Воображают может быть некоторые, что условія, предписанныя в сем государстве к достиженію короны, учиняли избраніе весьма трудным: но ошибаются. Все человеки учреждаются своею корыстію; и воспитаніе, употреблявшееся при оном Дворе, достaвляло обоим полам способ сохранять сердца свои от сетей любовных до времени, в кое могли они надеяться достигнуть высочайшаго достоинства. Знатныя девицы воспитываемы были в самом тончайшем искусстве нравиться (при Дворе Трантараранском по опыту ведали, что страсть нравиться всегда заглушает чувствованія). Искусство оное до того простиралось, что довольно было госпоже, кои имели славу таскать за победоносною колесницею своих прелестей дюжины по две молодых господчиков, живых, быстрых и ловких, естьлиб только захотели испытать настоящую страсть. Не чувствуя никогда любви в своем сердце, наслаждались они всеми ея выгодами, были упоены всеми ея утехами; воображали, что оная им извества, провещали оную и взирали на оную как на духа, хранителя их жизни; но прежде тритцати лет она им была неизвестна, и после сего срока познавали они, что никого еще не любливали, опричь самих себя.

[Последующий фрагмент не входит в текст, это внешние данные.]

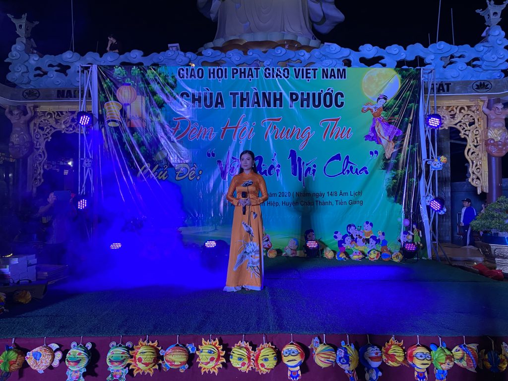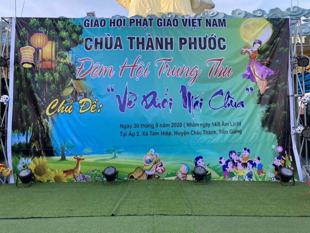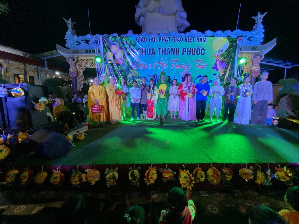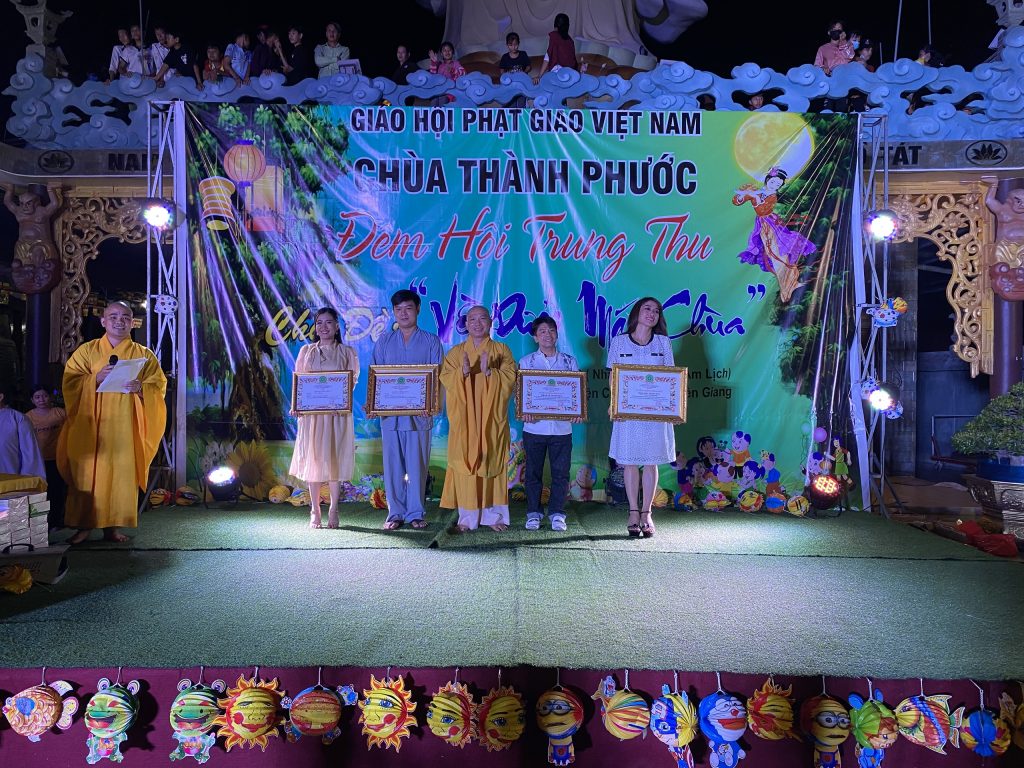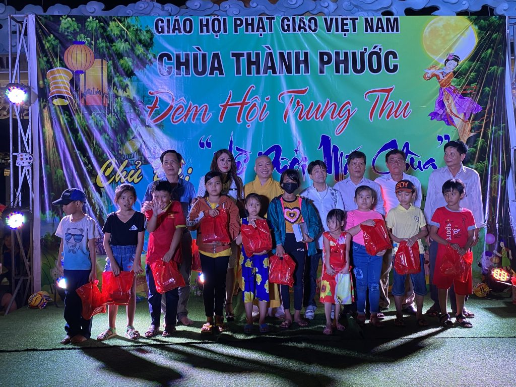 PSO - Với mong muốn tạo sân chơi lành mạnh cho các em thiếu nhi nhân tiết Trung thu; Chiều tối ngày 30/9/2020 tại chùa Thành Phước, xã Tam Hiệp, huyện Châu Thành, tỉnh Tiền Giang; Đại đức Trụ trì Thích Nhuận Đức – Phó trưởng BTS, Trưởng ban Hướng dẫn Phật tử GHPGVN tỉnh Tiền Giang kết hợp chính quyền địa phương, tổ chức Đêm hội Trăng rằm với chủ đề “Về Dưới Mái Chùa” - trao 20 phần học bổng và quà Trung thu cho hơn 500 em thiếu nhi tham gia vui chơi.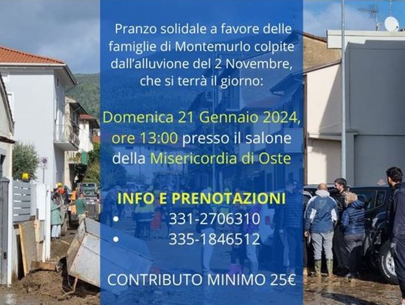 L’associazione “Montemurlo Solidale” e il Comune organizzano un pranzo il cui ricavato andrà a favore delle famiglie colpite dall’alluvione dello scorso 2 novembre. Domenica 21 gennaio alle ore 13 all’interno del salone della Misericordia di Oste in via Scarpettini 370, verranno accolti tutti coloro che vorranno partecipare in un contesto di socialità e solidarietà. A due mesi dall'alluvione a Montemurlo non si ferma la macchina della solidarietà e il mondo del volontariato continua a mobilitarsi per dare risposte concrete alle persone in difficoltà. « Fin dai primi momenti la comunità montemurlese ha risposto con grande partecipazione agli appelli per la solidarietà- commenta il presidente del Comitato Montemurlo solidale, Francesco Messineo – Sono già state raccolte circa 80 mila euro e in questi giorni è iniziata la distribuzione dei buoni acquisto per gli elettrodomestici a chi ha avuto la casa allagata. Le necessità delle famiglie sono ancora tante e il pranzo rappresenta un'occasione per far sentire concretamente la propria vicinanza ai nostri concittadini coinvolti dall’alluvione». L’associazione “Montemurlo Solidale” propone una quota di partecipazione minima di 25 euro per accumulare la somma che verrà poi destinata alle famiglie Per informazioni e prenotazioni sono stati messi messi a disposizione i numeri 331-2706310 e 335-18446512.

Молодчики родились почти все волокитами, и воспитаніе удивительным образом изощряло сіе дарованіе, так что возводило оное до вышняго совершенства. С самаго нежнейшаго возрасту они не знали, не желали и не искали, опричь поверхности утех. Во всем царстве оном едва ли находилось двое в постоянных обязательствах, произходящих от истинной любви. Между тем все щитали себя с любовницами, и помещались по обстоятельствам глядя. Молодчики провождали дни свои в перемигиваніи, любовных объясненіях, ссорах, свиданіях и мнимом щастіи. Они бегали, распевали, вертелись, обнимались, врали, шутили, смеялись первые своим острым словам, запутывали черты смысла игрою слов, и производили то вдруг без разсужденія и намеренія.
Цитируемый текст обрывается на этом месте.